With pictures excluded, copy word for word the lines in the data below from the line containing "Add a test strip, wait 10 minutes" through the line containing "As part of our".

▶ Data for analysis:
_ _ _ _ _

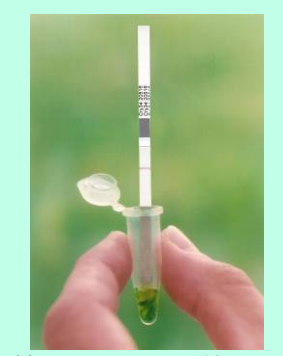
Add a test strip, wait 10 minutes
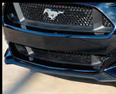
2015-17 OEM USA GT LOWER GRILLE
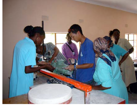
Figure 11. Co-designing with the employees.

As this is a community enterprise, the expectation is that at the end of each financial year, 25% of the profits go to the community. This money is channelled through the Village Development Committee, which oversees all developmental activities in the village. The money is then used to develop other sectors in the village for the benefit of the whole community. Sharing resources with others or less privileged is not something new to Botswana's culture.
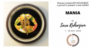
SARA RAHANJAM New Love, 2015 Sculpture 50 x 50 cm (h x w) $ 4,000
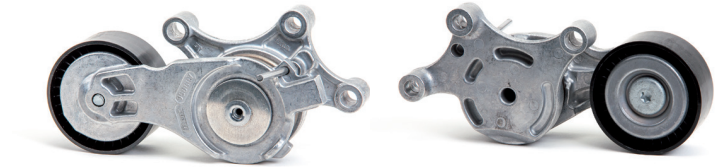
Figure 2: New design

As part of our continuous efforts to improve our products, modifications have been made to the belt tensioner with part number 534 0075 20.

_ _ _ _ _

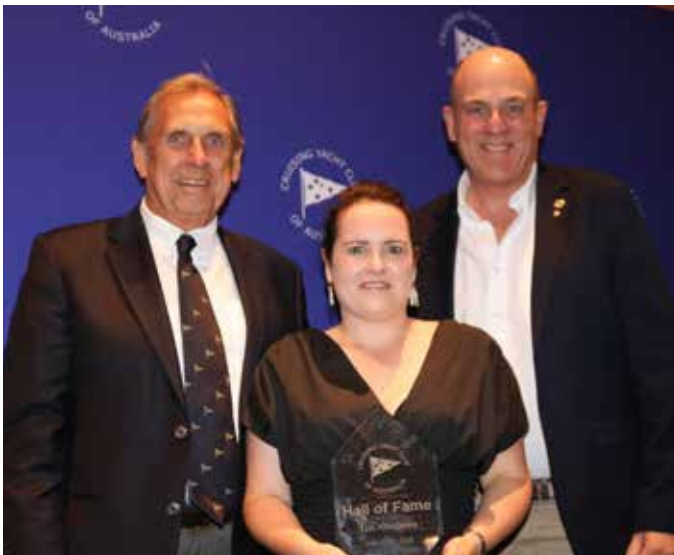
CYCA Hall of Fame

_ _ _ _ _

▶ Answer for the task:
Add a test strip, wait 10 minutes
2015-17 OEM USA GT LOWER GRILLE
Figure 11. Co-designing with the employees.

As this is a community enterprise, the expectation is that at the end of each financial year, 25% of the profits go to the community. This money is channelled through the Village Development Committee, which oversees all developmental activities in the village. The money is then used to develop other sectors in the village for the benefit of the whole community. Sharing resources with others or less privileged is not something new to Botswana's culture.
SARA RAHANJAM New Love, 2015 Sculpture 50 x 50 cm (h x w) $ 4,000
Figure 2: New design

As part of our continuous efforts to improve our products, modifications have been made to the belt tensioner with part number 534 0075 20.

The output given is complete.